6 Ağustos 2012 Pazartesi

ACIMAK


-Canının acısını nasıl anlatır ki insan? Kendisi kadar karşısındakini acıtarak mı?

-Bilemezsin ki ne kadar acıttığını. Ne yaparsan yap, ne söylersen söyle herkes kendi yaşadığının acısını bilecek elbet, ve kim ne kadar acı çekerse çeksin en büyük acıyı kendisinin bilecek.
 Sustum. Baktım,bakıştık... Acılarımızın içinde sıkışıp kalmıştık.

-Sorun buydu belki de... Kendini bilmez bir egosantrizm içinde "BEN" in fosforlu kalemlerle üstünden geçildiği, herkesin "BEN"cil, herkesin"EN" çok bildiği(!), herkesin "MÜKEMMEL"(!)olduğu bir dünyada yaşamak.
Kendini anlatmayı geç, kendini anlamaktan bir halt anlamayan koca bir güruh...

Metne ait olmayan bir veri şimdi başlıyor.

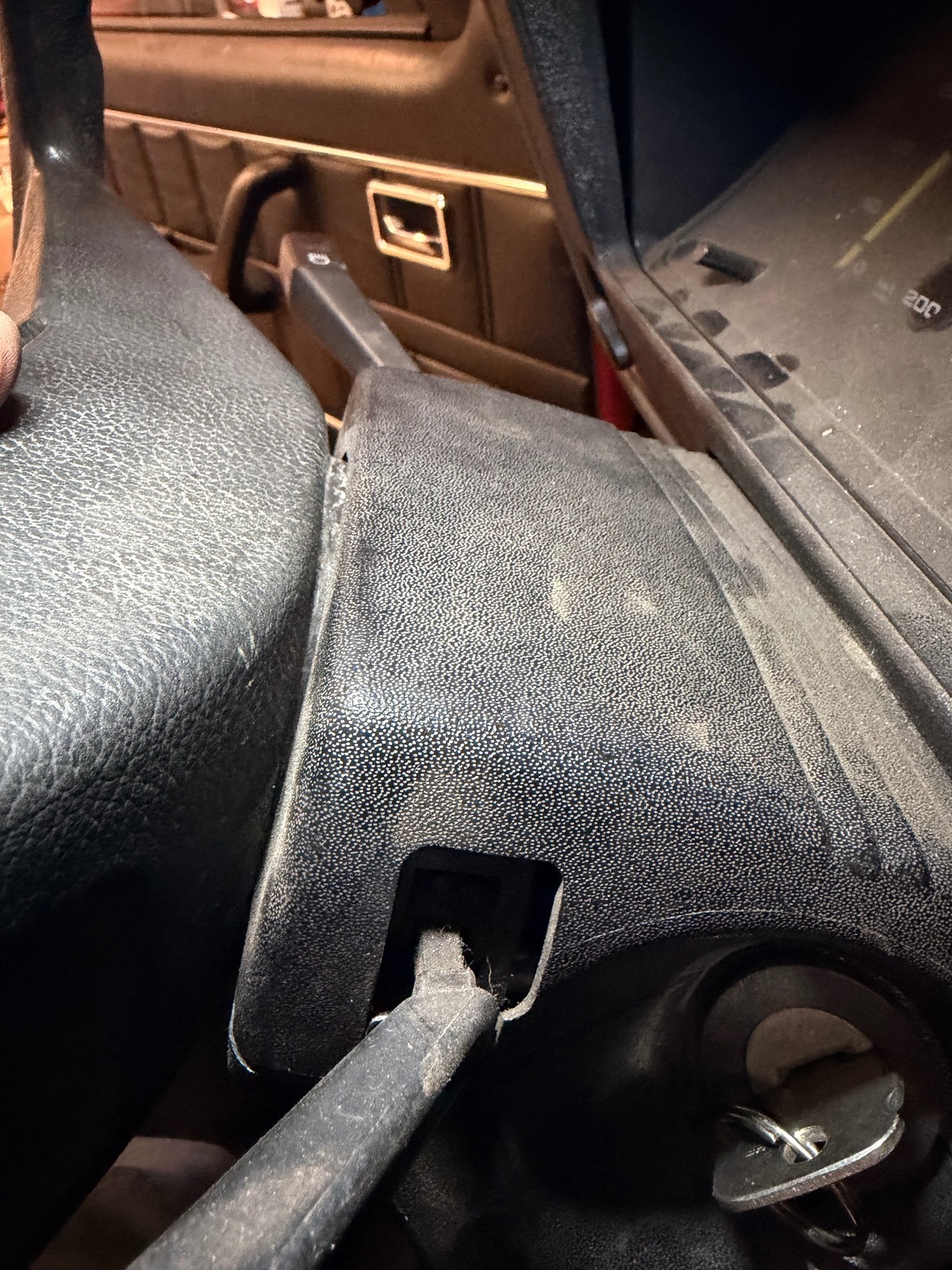 So wie es für mich ausschaut, sind die Kunststoffnietsicherungen in der Lenkspindel abgeschert und die Lenkspindel ist nun zusammen geschoben.

-Birbirinden farklı milyonlarca dünya,aynı sahnede pek çok başrol...Daha farklı bir şey bekleyemezdik sanırım.

 Durdu,duruştuk.Söylemek istediğimiz başka başka şeyleri kovuşturduk.

-Oysa her gün anlatıyorum.Hayatlarında gerekli ya da gereksiz bir çok şeyi.Ortacı,bağlacı
...
Acıyı anlatamıyorum,acımı anlattıklarıma katıyorum. Acıdıkları kadar anlıyorlar.Dizlerindeki kabuk bağladıkça kopardıkları yaranın acısı kadar,topun hızla çarptığı yerin acısı kadar,mahallede girdiği kavgada yenilmenin acısı kadar,sonrasında kafasına atılan dikişin acısı kadar anlıyorlar.

Güldü,gülüştük...Gülüşlerin ardında gizlice acılarımızı bölüştük.

-Anlatmak zordur,anlatılanı anlayabilmek daha da zor.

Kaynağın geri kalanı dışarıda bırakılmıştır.